:: DIRECTIONS FOR THIS TASK ::
Word for word, print out all of the data, omitting every image.

:: MATERIAL PROVIDED ::
------------------------------
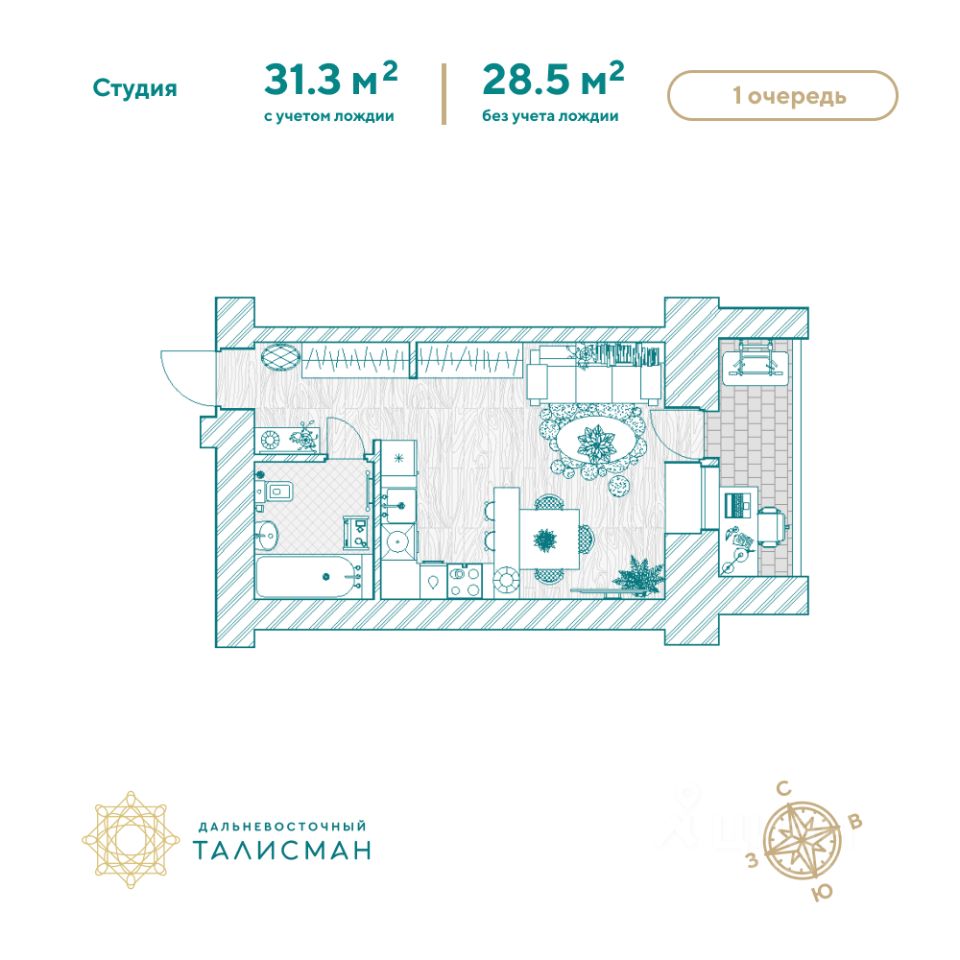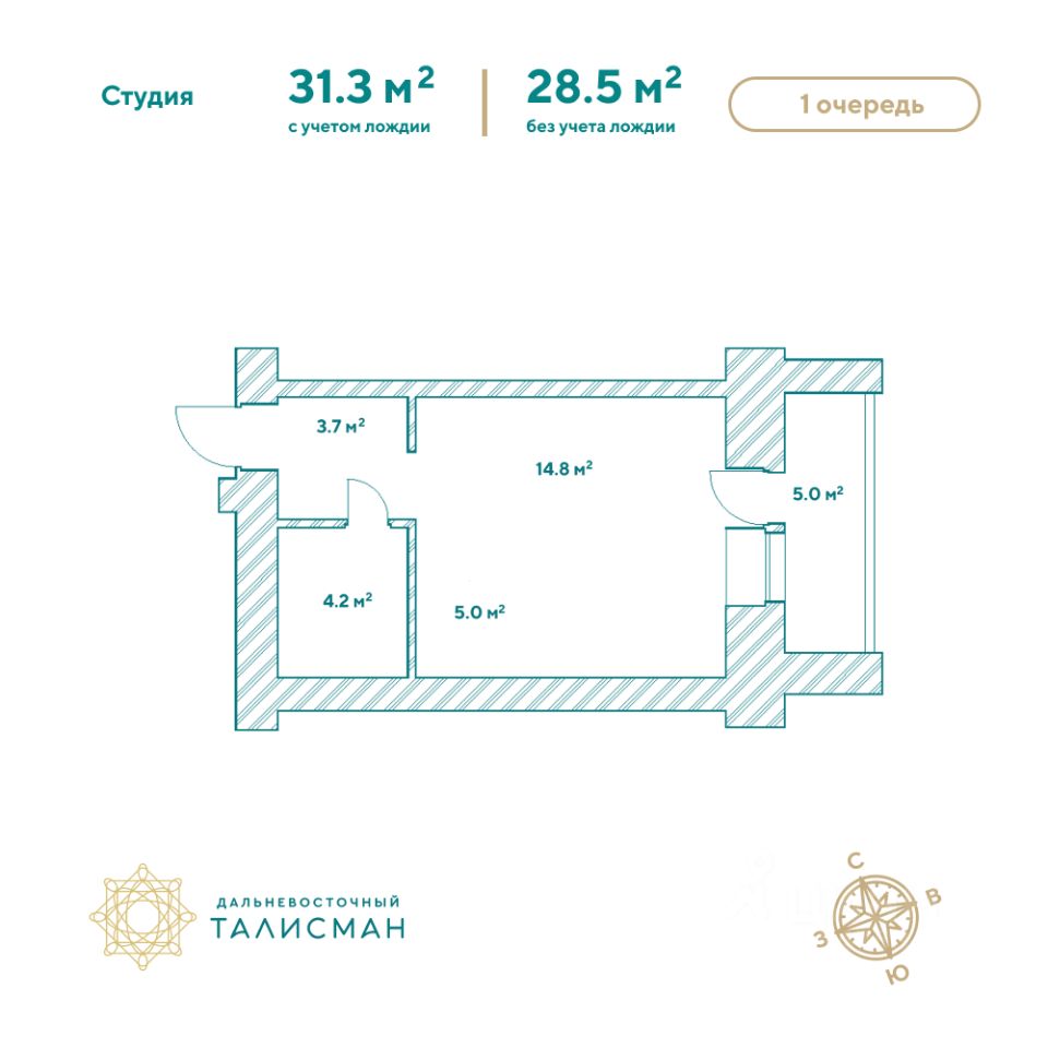 Продаётся 1-комнатная квартира в сданном доме (Партизанская, 64/2), срок сдачи: III-кв. 2025, общей площадью 31.2 кв.м., на 9 этаже. Жилой комплекс ''Дальневосточный Талисман'' расположен в 93 квартале Благовещенска.
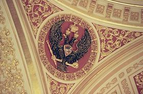 Герб России - Двуглавый орел в интерьере Александровского зала Большого Кремлевского Дворца.
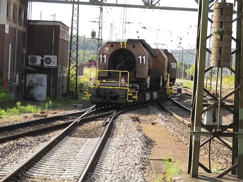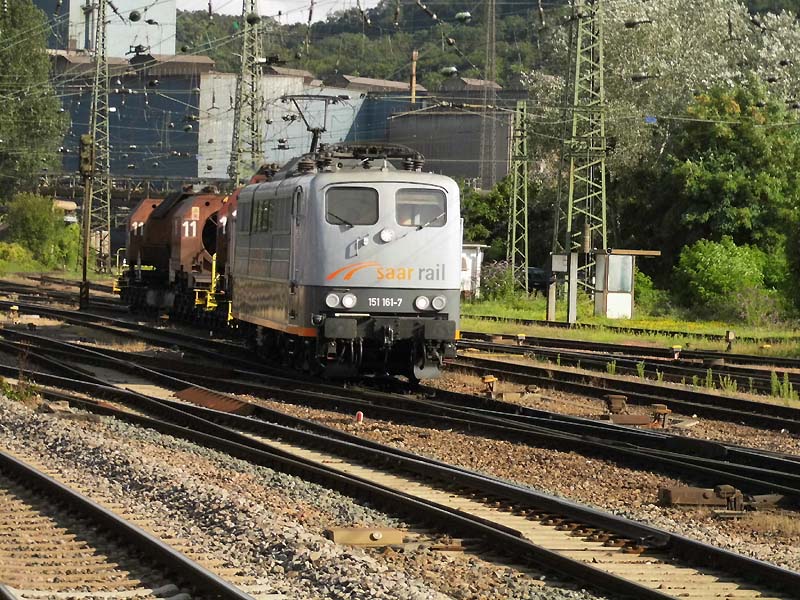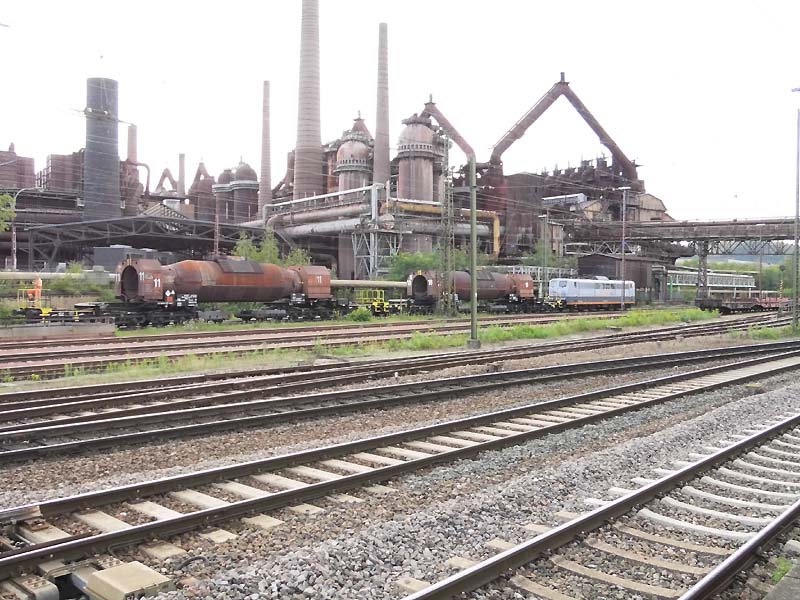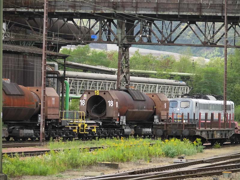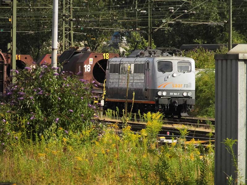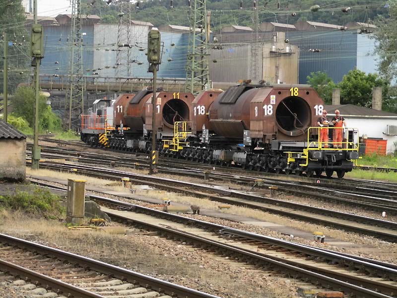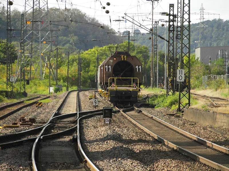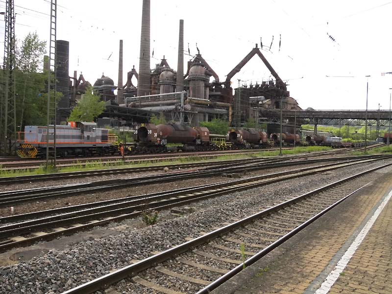 Man muss von meiner Haustür nur etwa 600 km fahren, um mit gewisser Sicherheit eine 151 zu sehen. Das habe ich getan und bin im Rahmen eines Kurzurlaubs in Völklingen auf Stippvisite gelandet. Am 19. August nachmittags um halb Fünf habe ich mich auf dem Bahnsteig an der nördlichen Bahnhofsseite postiert, in Erwartung des Suppenzuges, der kurz vor Fünf planmäßig aus Dillingen anrollen sollte. Hier die Ereignisse im Einzelnen: ![]() Zunächst musste ich die BB37015 ablichten, die mit einem Leerzug saarabwärts unterwegs war. ![]() Aus Richtung Dillingen kam dann 145 001 mit einem Zug voller Bleche durchgefahren. Die Übergrößen werden schräg liegend transportiert, ein ungewohnter Anblick. ![]() ![]() Den RE1 von Mannheim nach Koblenz bewerkstelligt 429 617. ![]() Etwa eine Viertelstunde vor Plan ist es dann soweit, die Suppe kommt! 151 161 der Saarrail kommt mit zwei 'Suppenschüsseln' voll Roheisen aus Dillingen und zieht vor dem Welterbe Völklinger Hütte in den Bahnhof. ![]() ![]() Als nächstes drückt die 151 die Torpedowagen in das Übergabegleis vor der Völklinger Hütte, wo sie abgestellt werden. ![]() ![]() Nach dem Abhängen umfährt 151 161 ihre Fracht und bezieht Position im Nachbargleis. ![]() ![]() Die Henschellok Saarrail 72 bringt kurze Zeit später das 'Leergut' zum Tausch - zwei leere Torpedowagen werden in das Gleis zu 151 161 geschoben. ![]() ![]() 151 161 setzt an die Wagen heran und wird gekuppelt, während die Henschellok an die vollen Torpedowagen wechselt. ![]() ![]() Beide Züge auf einem Bild vor dem Welterbe - aber nur kurz, denn Lok 72 zieht das Roheisen sogleich in das Saarstahlwerk. ![]() ![]() Nach erfolgter Bremsprobe drückt 151 161 die beiden leeren Wagen in den Bahnhof zurück, wo sie in fast Gartenumgebung darauf wartet, dass die RE1 den Bahnhof passieren und dann die Rückfahrt nach Dillingen angetreten werden kann. ![]() ![]() ![]() Zunächst kommt der RE1 nach Koblenz in Form von 429 626, dann der Gegenzug nach Mannheim mit 429 600 - was der Sprayer mit '110 mal' meinte, erschließt sich mir nicht. ![]() ![]() Dann kann es losgehen, und es geht schnell: 151 161 beschleunigt ihr Leergut rasch und fädelt sich in die Strecke nach Dillingen ein. ![]() ![]() ![]() Text und Bilder: Thomas Förster |
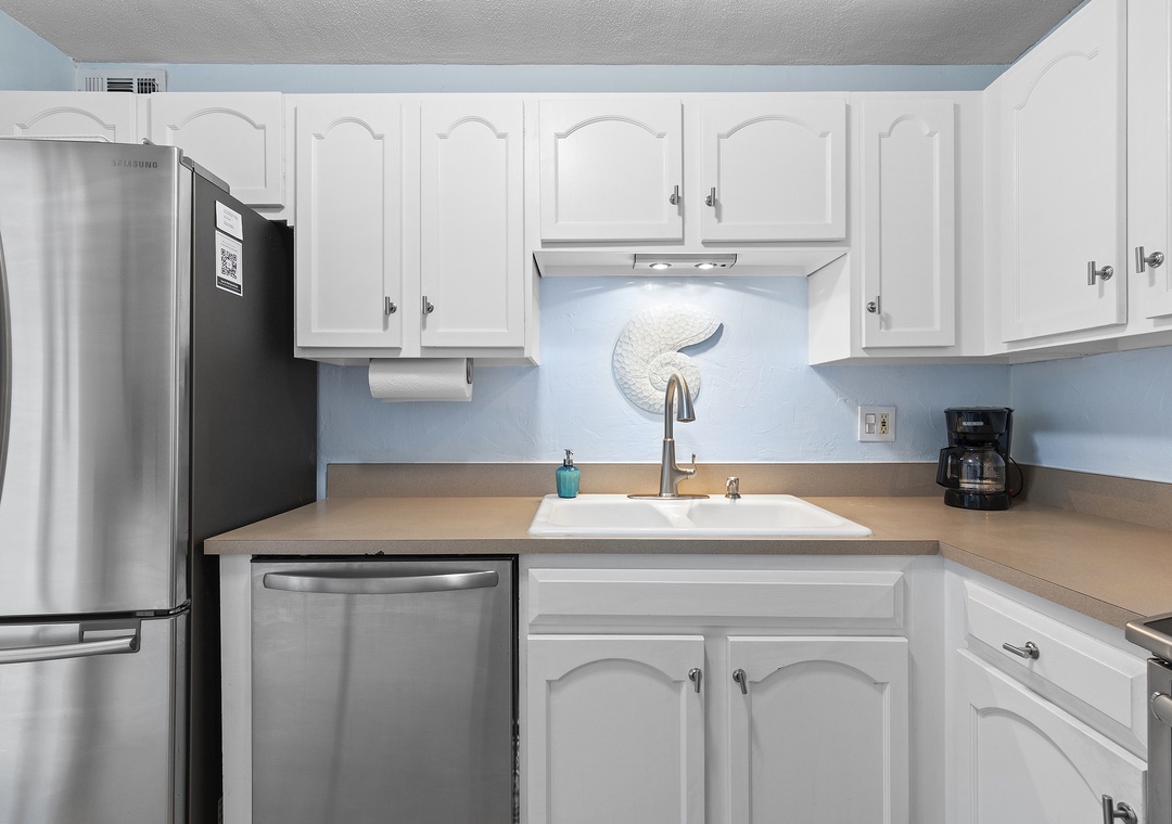 This condo is equipped with plenty of linens, towels, and all the conveniences of home to make your stay comfortable. There is wireless internet, cable, a Smart TV, a DVD player, a pull-out couch, a coffee maker, beach towels, a beach blanket, a designated parking space, and an outside storage locker stocked with beach chairs, umbrellas, kids beach toys, noodles, and coolers.
------------------------------
:: TASK SOLUTION ::
 Продаётся 1-комнатная квартира в сданном доме (Партизанская, 64/2), срок сдачи: III-кв. 2025, общей площадью 31.2 кв.м., на 9 этаже. Жилой комплекс ''Дальневосточный Талисман'' расположен в 93 квартале Благовещенска.
 Герб России - Двуглавый орел в интерьере Александровского зала Большого Кремлевского Дворца.
 Man muss von meiner Haustür nur etwa 600 km fahren, um mit gewisser Sicherheit eine 151 zu sehen. Das habe ich getan und bin im Rahmen eines Kurzurlaubs in Völklingen auf Stippvisite gelandet. Am 19. August nachmittags um halb Fünf habe ich mich auf dem Bahnsteig an der nördlichen Bahnhofsseite postiert, in Erwartung des Suppenzuges, der kurz vor Fünf planmäßig aus Dillingen anrollen sollte. Hier die Ereignisse im Einzelnen: ![]() Zunächst musste ich die BB37015 ablichten, die mit einem Leerzug saarabwärts unterwegs war. ![]() Aus Richtung Dillingen kam dann 145 001 mit einem Zug voller Bleche durchgefahren. Die Übergrößen werden schräg liegend transportiert, ein ungewohnter Anblick. ![]() ![]() Den RE1 von Mannheim nach Koblenz bewerkstelligt 429 617. ![]() Etwa eine Viertelstunde vor Plan ist es dann soweit, die Suppe kommt! 151 161 der Saarrail kommt mit zwei 'Suppenschüsseln' voll Roheisen aus Dillingen und zieht vor dem Welterbe Völklinger Hütte in den Bahnhof. ![]() ![]() Als nächstes drückt die 151 die Torpedowagen in das Übergabegleis vor der Völklinger Hütte, wo sie abgestellt werden. ![]() ![]() Nach dem Abhängen umfährt 151 161 ihre Fracht und bezieht Position im Nachbargleis. ![]() ![]() Die Henschellok Saarrail 72 bringt kurze Zeit später das 'Leergut' zum Tausch - zwei leere Torpedowagen werden in das Gleis zu 151 161 geschoben. ![]() ![]() 151 161 setzt an die Wagen heran und wird gekuppelt, während die Henschellok an die vollen Torpedowagen wechselt. ![]() ![]() Beide Züge auf einem Bild vor dem Welterbe - aber nur kurz, denn Lok 72 zieht das Roheisen sogleich in das Saarstahlwerk. ![]() ![]() Nach erfolgter Bremsprobe drückt 151 161 die beiden leeren Wagen in den Bahnhof zurück, wo sie in fast Gartenumgebung darauf wartet, dass die RE1 den Bahnhof passieren und dann die Rückfahrt nach Dillingen angetreten werden kann. ![]() ![]() ![]() Zunächst kommt der RE1 nach Koblenz in Form von 429 626, dann der Gegenzug nach Mannheim mit 429 600 - was der Sprayer mit '110 mal' meinte, erschließt sich mir nicht. ![]() ![]() Dann kann es losgehen, und es geht schnell: 151 161 beschleunigt ihr Leergut rasch und fädelt sich in die Strecke nach Dillingen ein. ![]() ![]() ![]() Text und Bilder: Thomas Förster |
 This condo is equipped with plenty of linens, towels, and all the conveniences of home to make your stay comfortable. There is wireless internet, cable, a Smart TV, a DVD player, a pull-out couch, a coffee maker, beach towels, a beach blanket, a designated parking space, and an outside storage locker stocked with beach chairs, umbrellas, kids beach toys, noodles, and coolers.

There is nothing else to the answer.